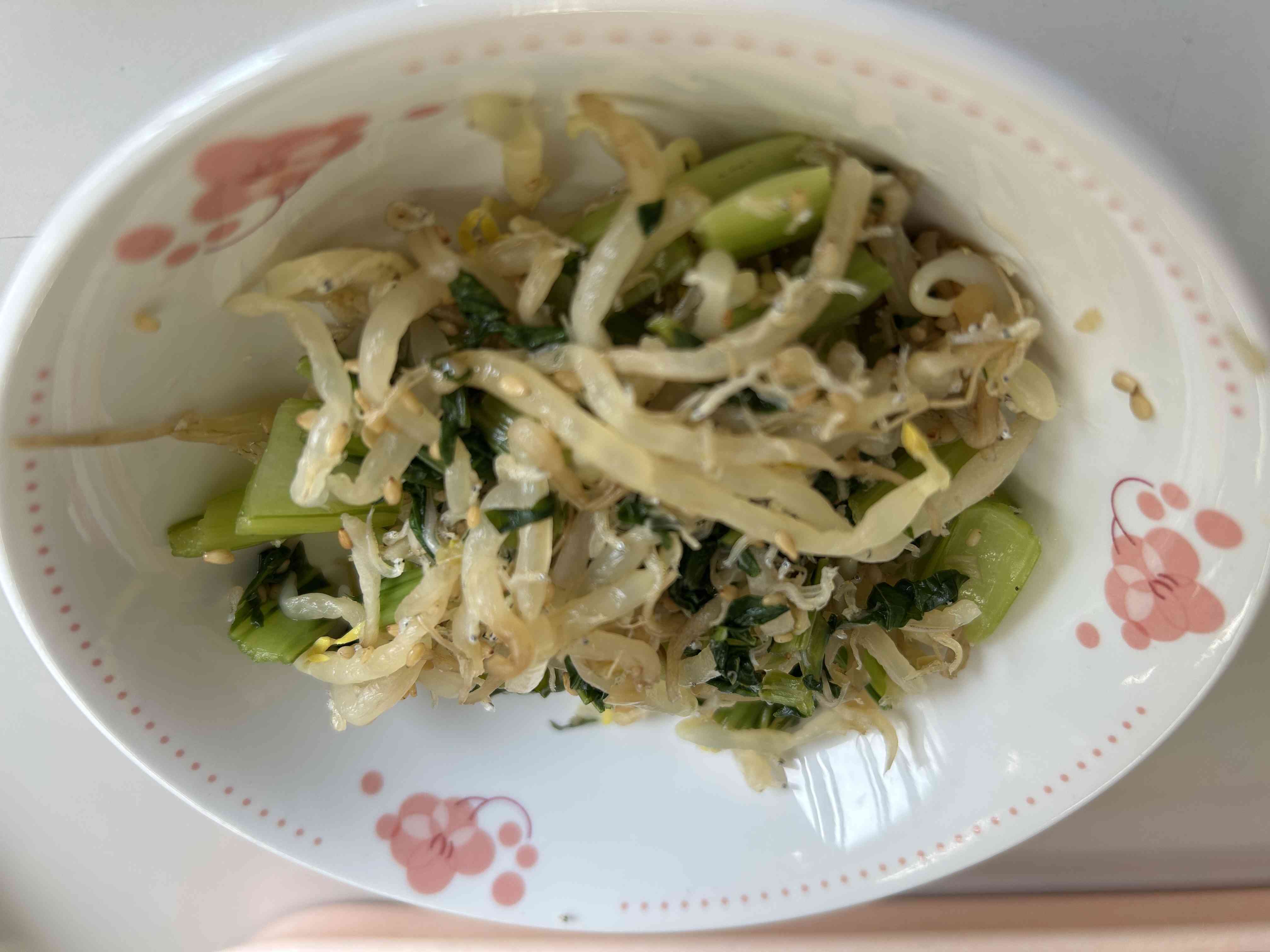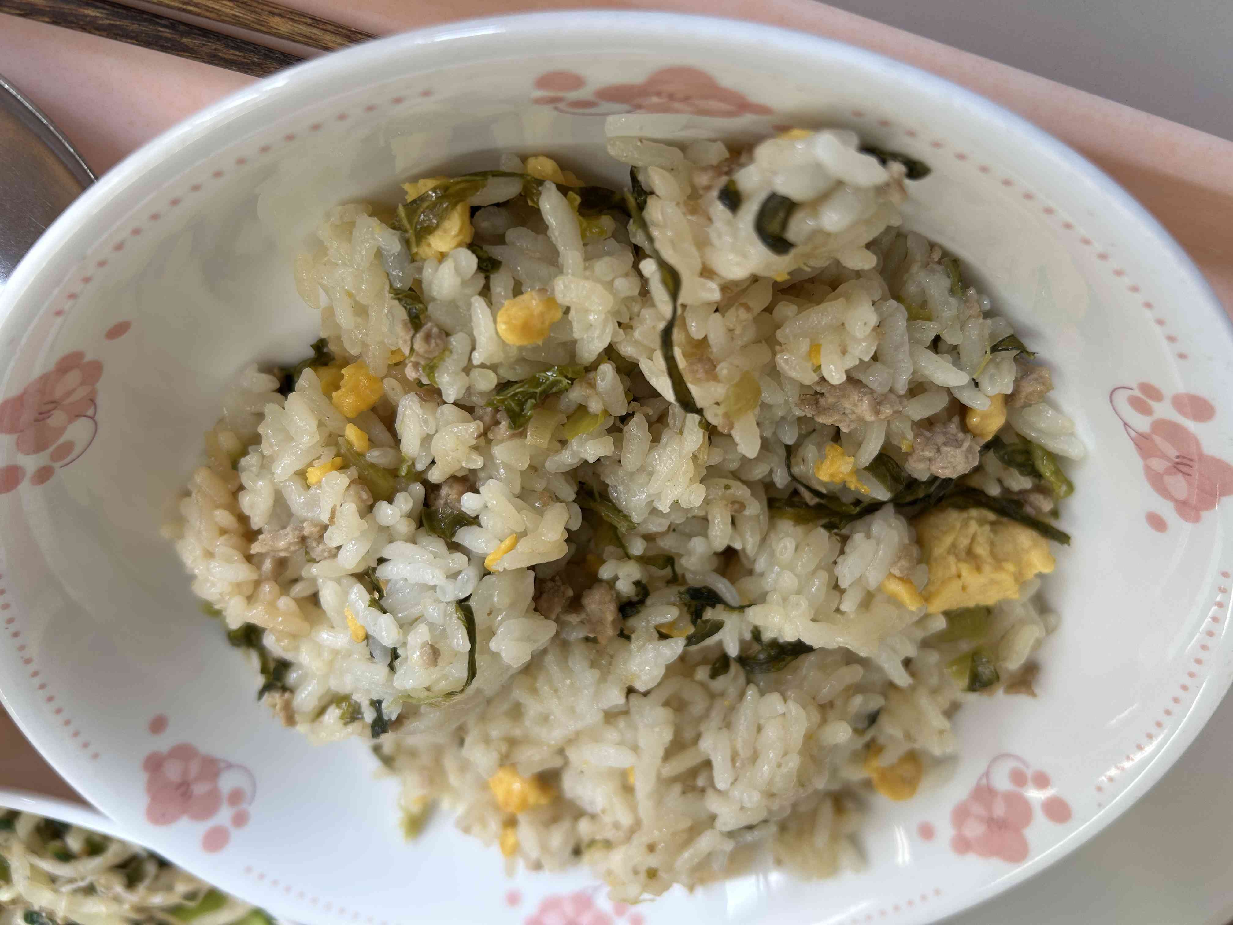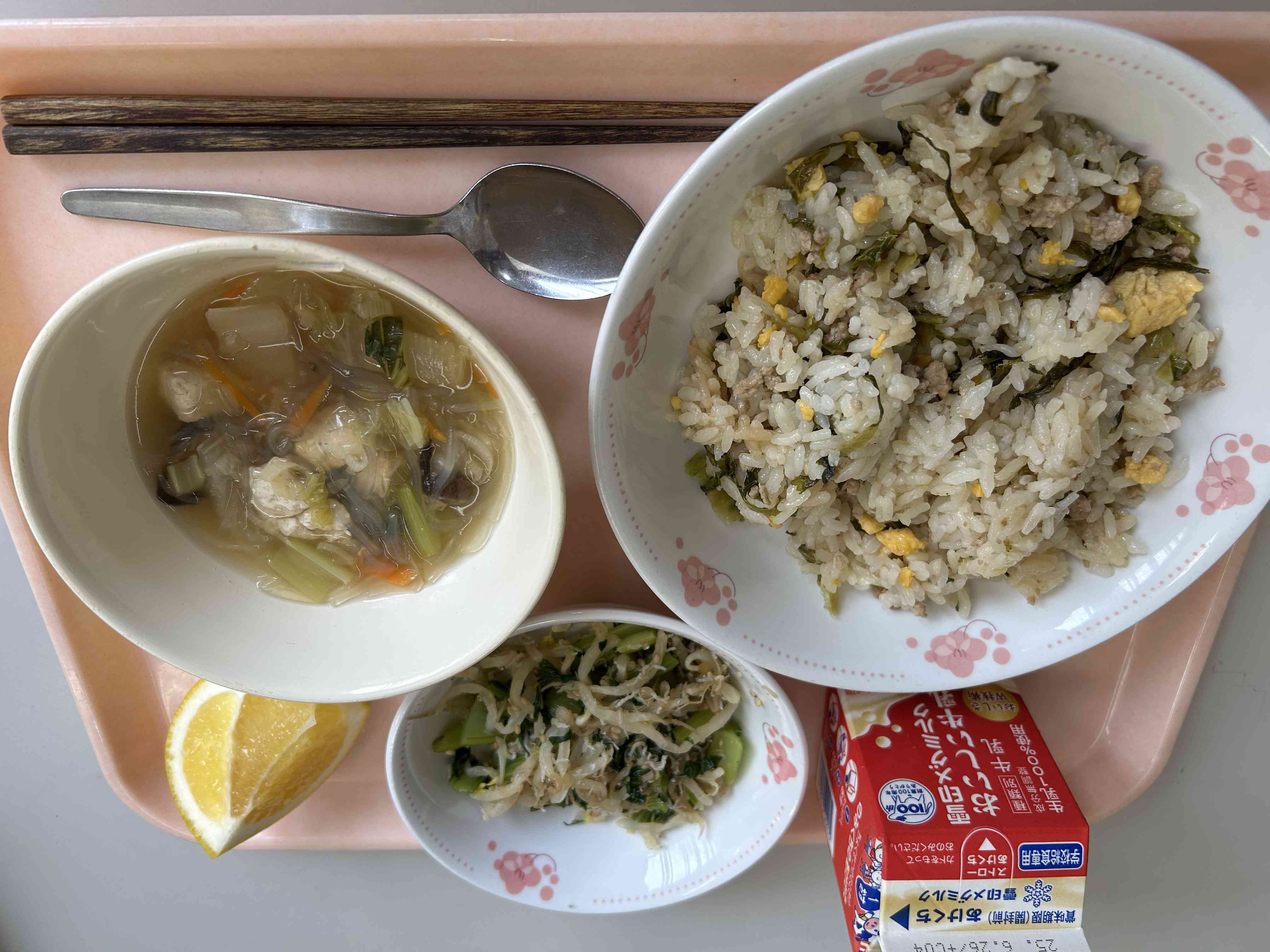 今日の献立 高菜と挽き肉の炒飯、青菜とジャコの茹で野菜、春雨スープ、美生柑 金曜日の給食はボリューム満点炒飯です!今回の炒飯はひき肉がたっぷりと入っており、口の中に入れると高菜のシャキッと感も感じられとても美味しく食べることができました。そしてしっかり味の給食のデザートには美生柑の酸味が強めのさっぱり感がたまりませんでした!
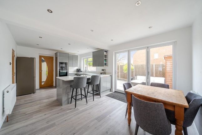 The house is approached via a generous reception hall, creating an immediate sense of space and quality. A striking oak and glazed staircase provides an architectural focal point and sets the tone for the finish throughout. To the rear, the principal reception space is arranged in an open-plan format, ideally suited to modern living and entertaining. The kitchen is fitted with sleek cabinetry and a comprehensive range of integrated appliances, while French doors open directly onto the south-facing garden, ensuring an excellent connection between the internal and external spaces.
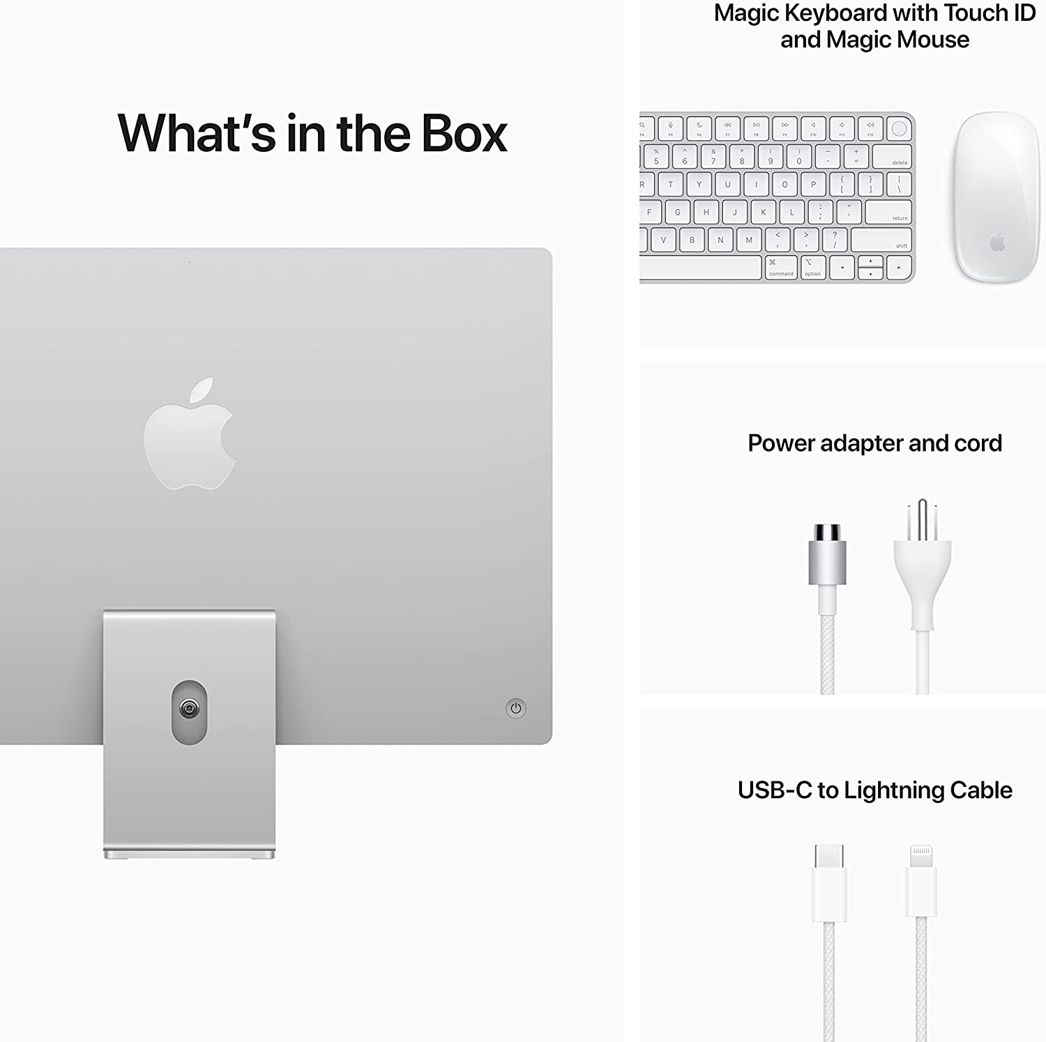 2021 Apple iMac (24-inch, Apple M1 chip with 8‑core CPU and 8‑core GPU, 8GB RAM, 256GB) - Silver
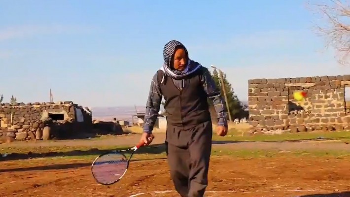 Şanlıurfa'nın Viranşehir ilçesine bağlı Sarıbal Mahallesinde vatandaşlar toprak kortta tenis oynuyor.
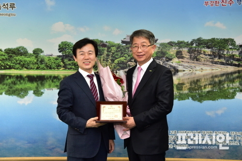 조규일 진주시장은 지난 22일 진주시청에서 박상우 한국토지주택공사 사장에게 명예시민증을 수여했다.
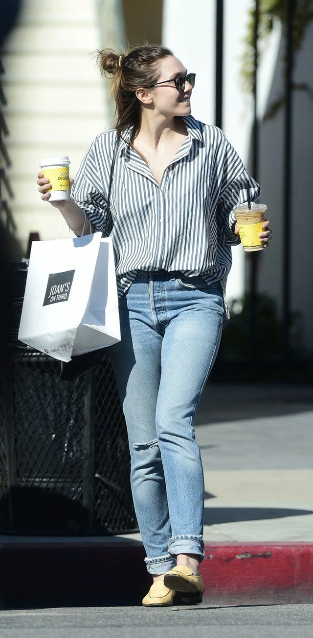 Olsen laza, szaggatott térdű mom jeansénél már csak extra nagy csíkos ingjét imádjuk jobban, amit elől hanyagul betűrt, hátul pedig lógni hagyott. A sárga mokaszin feldobja az amúgy egyszínű összeállítást, és ha a farmer-ing kombó ne lenne elég látványos, ez a lábbeli tesz róla, hogy megjegyezzük Elizabeth szerelését. Úgy tűnik, a sárga és a csíkos idén tavasszal és nyáron is hódít majd, és még a legszürkébb szettünket is remekül feldobhatjuk vele. Köszi a tippet, Elizabeth!

* _Task_: In the answer, retype exactly and only the lines from the one holding "The house is" through the end of the listing, keeping both ends and dropping every picture.

* _Response for this exercise_:
 The house is approached via a generous reception hall, creating an immediate sense of space and quality. A striking oak and glazed staircase provides an architectural focal point and sets the tone for the finish throughout. To the rear, the principal reception space is arranged in an open-plan format, ideally suited to modern living and entertaining. The kitchen is fitted with sleek cabinetry and a comprehensive range of integrated appliances, while French doors open directly onto the south-facing garden, ensuring an excellent connection between the internal and external spaces.
 2021 Apple iMac (24-inch, Apple M1 chip with 8‑core CPU and 8‑core GPU, 8GB RAM, 256GB) - Silver
 Şanlıurfa'nın Viranşehir ilçesine bağlı Sarıbal Mahallesinde vatandaşlar toprak kortta tenis oynuyor.
 조규일 진주시장은 지난 22일 진주시청에서 박상우 한국토지주택공사 사장에게 명예시민증을 수여했다.
 Olsen laza, szaggatott térdű mom jeansénél már csak extra nagy csíkos ingjét imádjuk jobban, amit elől hanyagul betűrt, hátul pedig lógni hagyott. A sárga mokaszin feldobja az amúgy egyszínű összeállítást, és ha a farmer-ing kombó ne lenne elég látványos, ez a lábbeli tesz róla, hogy megjegyezzük Elizabeth szerelését. Úgy tűnik, a sárga és a csíkos idén tavasszal és nyáron is hódít majd, és még a legszürkébb szettünket is remekül feldobhatjuk vele. Köszi a tippet, Elizabeth!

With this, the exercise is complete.